Test the Gas Valve Coils
If both the igniter and flame sensor are fine, you should check the gas valve coils or solenoids. Use the same steps as above to access the gas burner assembly in your Maytag Centennial dryer. You’ll find the gas valve coils upfront when you inspect the assembly after removing the front cover.
Failing or stuck valve coils shut off the gas supply. Therefore, the dryer’s burner won’t work, even if the igniter glows.
How To Fix
You can test the continuity of the gas valve coils or solenoids. If they fail the continuity test, get a new set. Maytag Centennial dryers have two gas valve coils. You may need to replace only one or both. However, if none of the gas burner assembly parts are faulty, inspect the control board next.
Replace the Control Board
Suppose all the parts discussed until now are working. In that case, you may have a bad control board, or there are electrical and gas supply issues. A Maytag Centennial dryer control board doesn’t go bad easily, but it won’t last forever, and it can be vulnerable to overheating.
How To Fix
Check if the control board is charred or burnt. Also, inspect the wires and harnesses. If you find anything broken, you need to replace that part or the entire board. Relays are replaceable. However, if there are circuit-related issues with the control board, you need a new one.

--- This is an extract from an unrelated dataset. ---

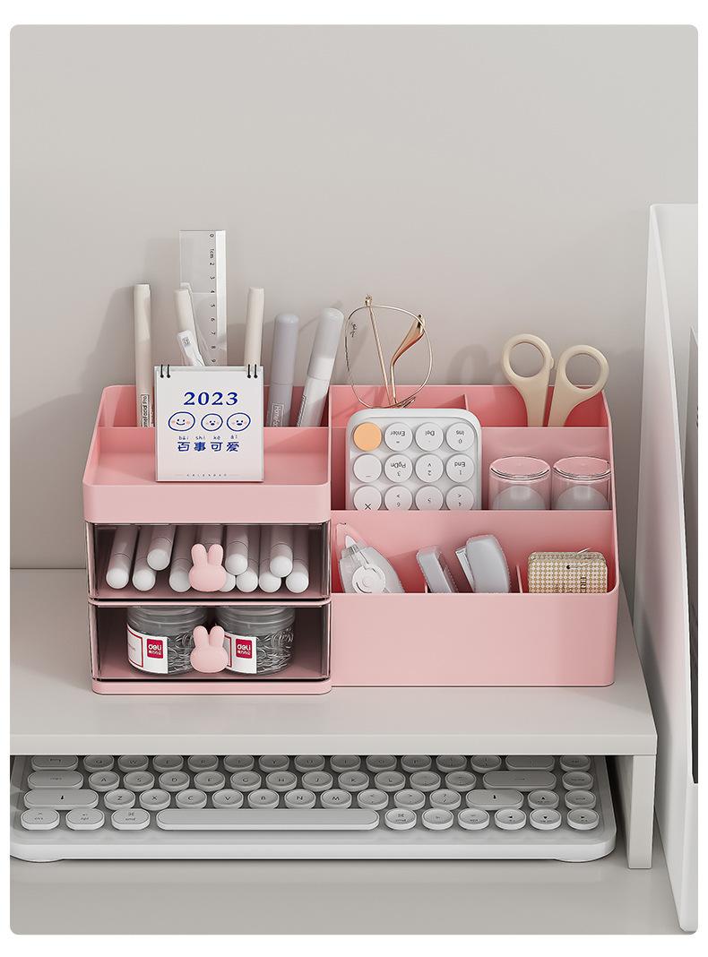 Caja de almacenamiento de cosméticos de escritorio, estante de almacenamiento para oficina, papelería, escritorio, portalápices, estante de almacenamiento de escritorio, escritorio lindo

Fix Electrical or Gas Issues
Serious electrical problems can prevent your Maytag Centennial dryer from heating, like a power surge or low voltage. Likewise, improper gas pressure or no gas can cause a Maytag Centennial dryer not heating. Therefore, you must inspect the entire installation.
How To Fix
- Blown fuse or tripped breaker due to a power surge or incompatible circuit.

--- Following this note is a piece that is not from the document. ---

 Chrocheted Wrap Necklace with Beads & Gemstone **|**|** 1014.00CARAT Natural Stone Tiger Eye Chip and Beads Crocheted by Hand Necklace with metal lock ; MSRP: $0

- Voltage problems, especially for electric dryers that require 220V to 240V.
- Use of adapters for power cables or plugs and standard extension cords.
- Inadvertently shut supply valve for gas dryers or low pressure at the regulator.
- Improper propane pressure for Maytag Centennial dryers configured for natural gas.
- Long or winding gas piping with a narrow diameter, which contributes to unusually low pressure.
Clean the Dryer and Vent
Poor airflow or an obstructed exhaust system is the most common cause of dryers overheating. A new thermal fuse, cutoff, or high limit switch can blow if you don’t have a clean lint filter, blower chute, and vent. So, your Maytag Centennial dryer may stop heating sooner or later.
How To Fix
To prevent your dryer from overheating and malfunctioning:
- Clean the lint screen or filter and trap after every substantial load.
- Vacuum the lint chute and blower assembly to eliminate all debris.
- Use a vent cleaning brush to clear the entire duct or exhaust system.
- Don’t use excessive fabric softeners that can block the dryer’s grille.